As if Americans don't have enough colors to remember in the Homeland Security alert system, the federal government plans to bring color-coding to airport checkpoints.

Here's how it will work, assuming the plan makes it through initial tests: The 559 million-plus passengers who fly on commercial planes in the United States every year will be assigned a color - green, yellow, or red - based on their personal information, any criminal records, or other data. The nearly 50,000 airport security screeners will allow green-coded people to pass through easily, while the yellow ones will be pulled aside for additional checking (one estimate, 8 percent of passengers per year), and the red ones will not get to board and might even be arrested.
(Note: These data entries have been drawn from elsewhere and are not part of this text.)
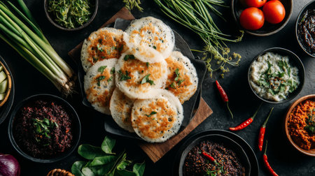 Experience a vibrant breakfast scene with soft idlis, an array of colorful chutneys, and fresh vegetables, creating a delightful South Indian culinary feast.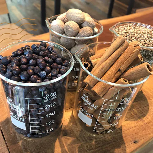 Durante o processo de destilação, cada participante escolhe as próprias especiarias que quer utilizar, o tipo de Gin e no final até o teor alcoólico, tudo em um processo bem minucioso, descontraído e repleto de conhecimento.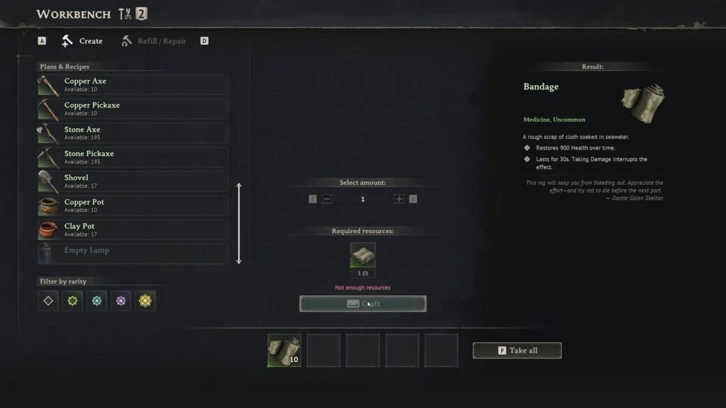 Since this will be your first boss fight, you need to prepare yourself early on. First, stock up on healing items like bandages and health potions, which are pretty easy to make in the early game. If you haven’t crafted any bandages yet, collect Plant Fiber and turn it into Coarse Fabric. Then, use the Coarse Fabric at the Workbench to create a Bandage. I stocked up on around 15 bandages for the fight.
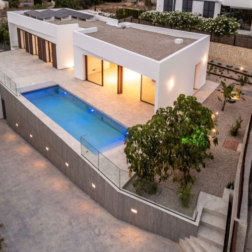 Discover this charming, renovated villa in traditional style, located in the quiet and green urbanization of Montemar in Benissa. Only 2 kilometers away from the beautiful beach of La Fustera and surrounded by natural areas, this property offers ultimate privacy, tranquility and a pleasant Mediterranean lifestyle. The villa has a total built area of 420 m2 and a usable area of 219 m2, distributed over two floors. Through the pedestrian entrance you reach the upper floor where the main house is located. Here you enjoy a spacious, bright living room with large windows and views of the surrounding nature. Adjacent you will find a dining room and a fully equipped open kitchen. Furthermore, this floor has two comfortable double bedrooms that share a bathroom. Outside you will find an attractive barbecue area, ideal for enjoying summer evenings with family or friends. The ground floor is arranged as a spacious and independent guest house, consisting of a lounge, a dining room, a kitchen, two bedrooms and two bathrooms, one of which was recently renovated. This floor also features an east-facing balcony and two spacious terraces, one on the north side and one on the south side. A separate laundry room, strategically located between the two floors, provides additional convenience and is accessible to both residents and guests, ideal for rentals. Below the guest house are two practical storage rooms. Situated lower on the plot is the recently renovated swimming pool with a spacious sun terrace, completely surrounded by mature trees that ensure optimal privacy. The municipality has given permission to remove some trees to create additional sunlight on the terrace, if desired. The villa also has a carport for one car, air conditioning, electric radiators, a garden with fruit trees and automatic irrigation. The location is excellent: Only 7 minutes' drive from idyllic coves such as Cala Baladrar and Playa La Fustera and only 15 minutes from both the charming coastal village of Moraira and the lively resort town of Calpe. This property is perfectly suited as a permanent residence for several family members, as a vacation home, or as an investment property for rental thanks to its division into two independent floors. Do not hesitate any longer and request your visit now!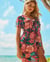 Motif floral exotique rose cerise et bleu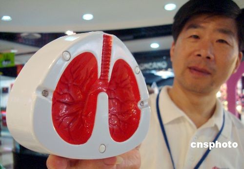 2009年5月31日是第22个世界无烟日,苏州观前街一家商店推出的一款肺部造型的烟灰缸吸引了许多消费者的目光,这种富有创意的烟灰缸能发出一阵阵警示烟民的咳嗽声。中新社发 王建康 摄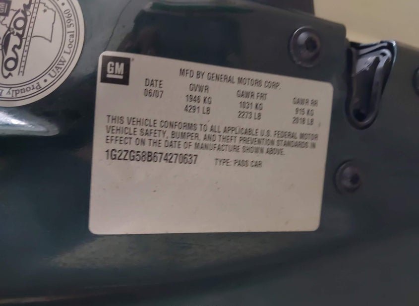 - VIN: 1G2ZG58B674270637
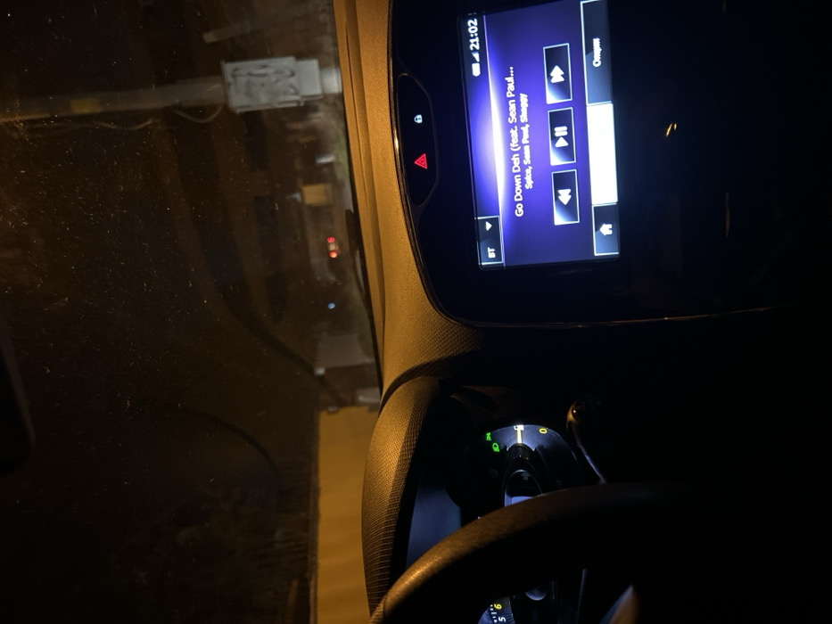 The image displays the interior of a vehicle at night, captured from a perspective consistent with the driver's seat, looking forward through a dusty windshield. The scene is situated in Voluyak, Bulgaria. The foreground features the vehicle's dashboard, with the left portion showing a section of the steering wheel and an illuminated instrument cluster where a green indicator light is active, suggesting headlights or parking lights are on. To the right, a central infotainment system is prominently displayed and active. It shows the song "Go Down Deh (feat. Sean Paul..." by artists Spice, Sean Paul, and Shaggy, with playback controls for skipping and pausing. The time indicated on the screen is 21:02, and a Bluetooth (BT) connection icon is visible. Above the infotainment screen, a red triangular hazard light button is present. Through the windshield, the exterior environment is dark, indicating nighttime. Distant light sources are visible: a yellow-orange glow on the left, possibly from streetlights or buildings, and two distinct red lights further ahead, likely vehicle taillights or traffic signals. On the far right, a utility pole with an attached grey electrical box is discernible. No individuals are explicitly visible within the frame. The vehicle appears to be stationary or in motion within an urban or semi-urban setting.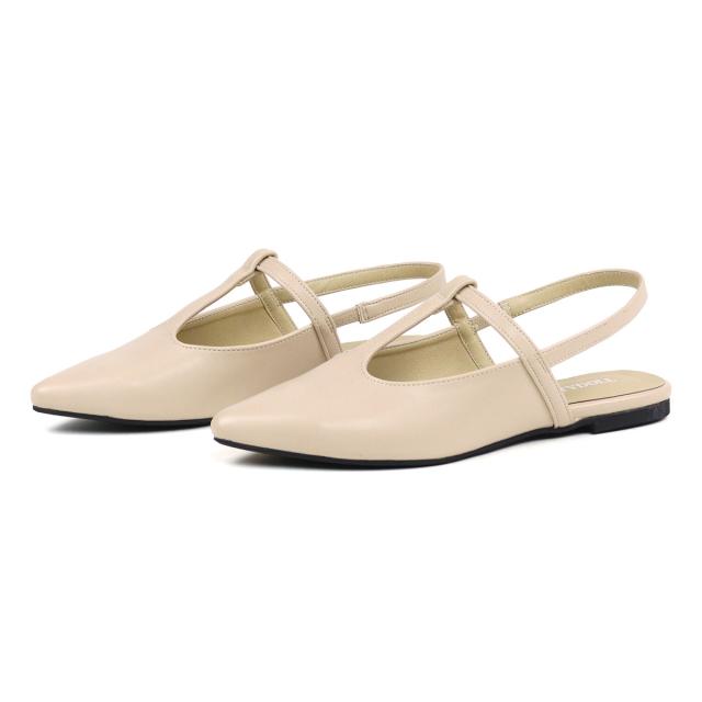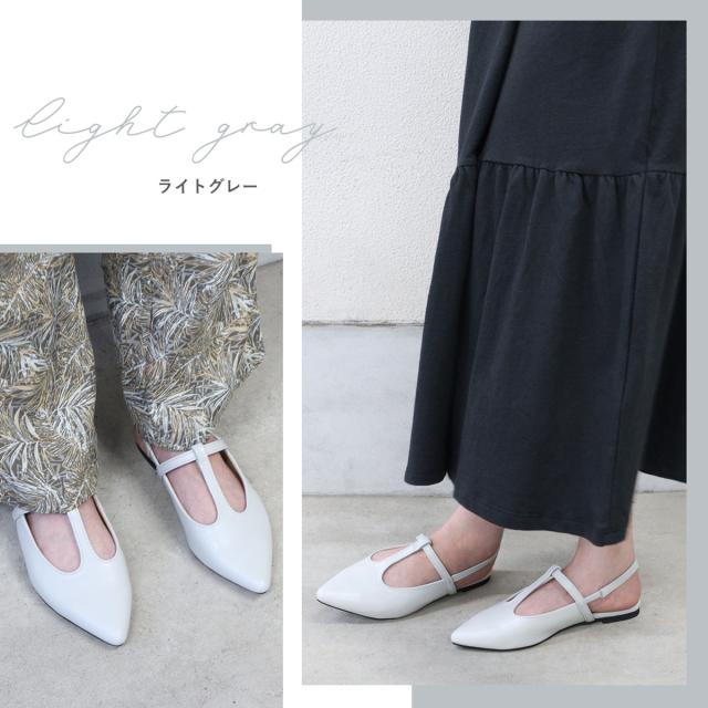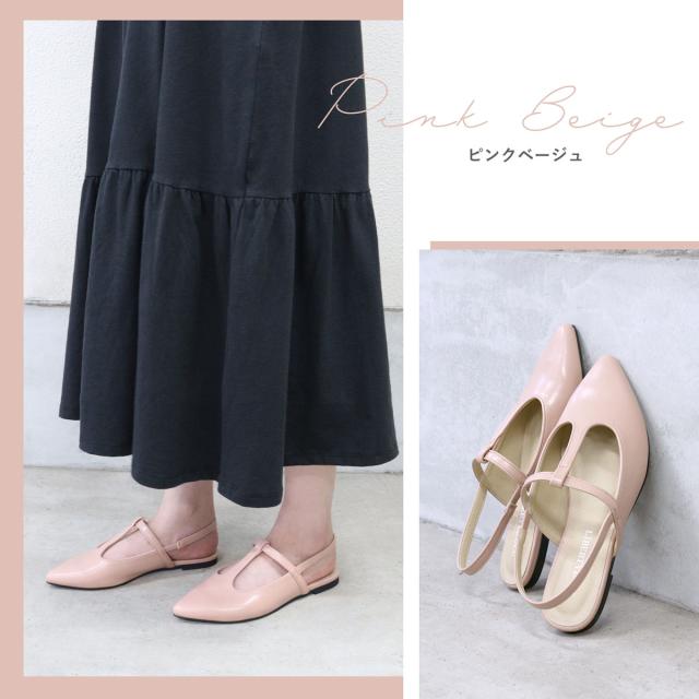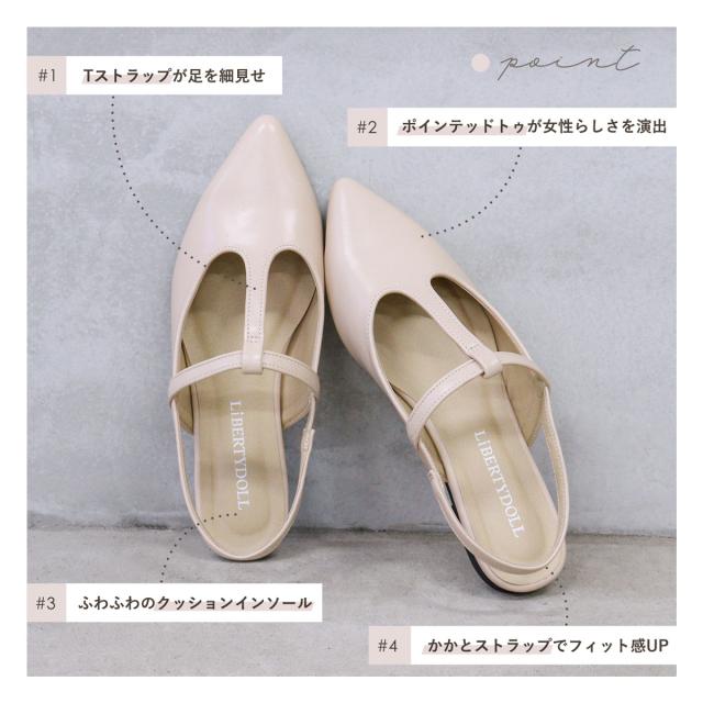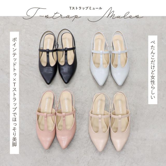 ミュール パンプス レディース サンダル ポインテッドトゥ フラット ぺたんこ 履きやすい つっかけ Tストラップ 0.8cmヒール 23.0cm〜24.5cm 黒 ブラック LiBERTYDOLL No.1159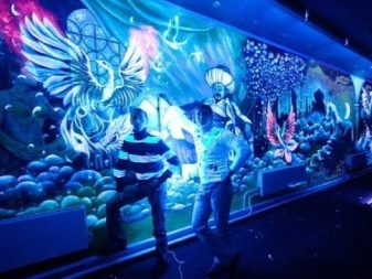Основата за флуоресцентни състави може да бъде от всякакъв цвят, те дори могат да бъдат приложени към други дизайни, направени по конвенционални средства. Флуоресцентните бои не са вредни за здравето, така че могат да се използват в домове и места, където има голям брой хора.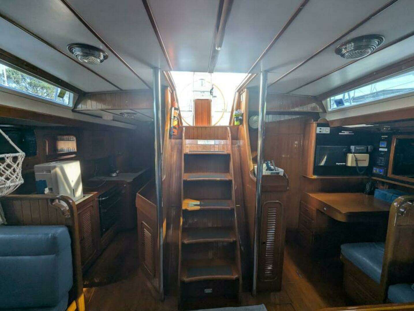 - Navstation with captain’s chair to port of companionway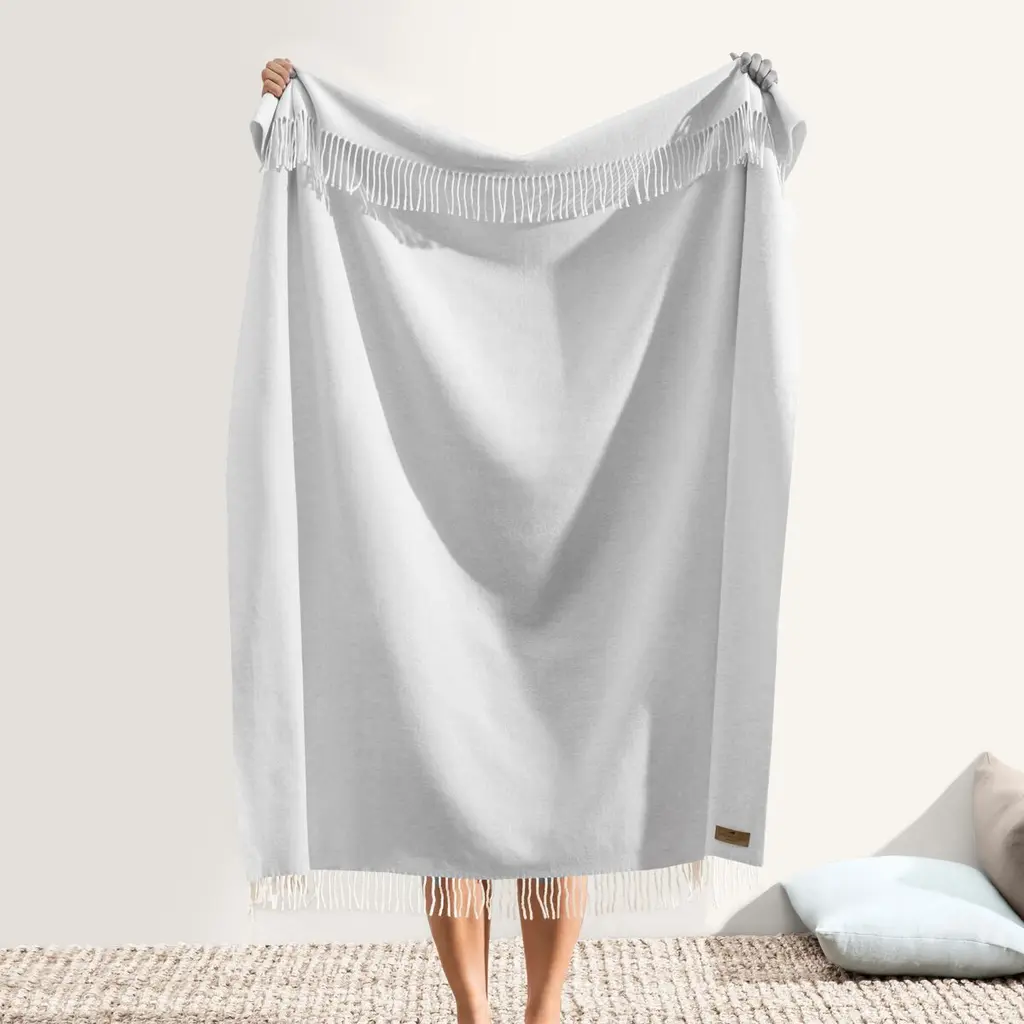 Crafted in Italy with a tonal herringbone weave and luxurious fringe, this cashmere-soft cotton-blend throw lends welcoming texture and visual interest to its surroundings. Lightweight and versatile, this four-season throw is perfect for tossing over the sofa or folding at the foot of the bed.

The system, called CAPPS II (Computer Assisted Passenger Pre-Screening System), raises many civil- liberties concerns: Do Americans want their name, home address, home phone number, date of birth, and itinerary passed along to the Transportation Security Administration (TSA) - which will compare that information with private databases that have already determined spending habits, for instance? How will passengers be able to correct mistakes in the databases - and who will be liable for those mistakes? (Passengers won't know their score, but presumably could figure out their color-coding just by the way they are screened.)

And what if a glitch prohibits an otherwise "green" passenger from flying, or allows a red-coded passenger to get on the plane? And how will the system work if airports opt out from having federal screeners at all, which they can do as early as November 2004?

Clearly, the TSA owes the flying public some answers.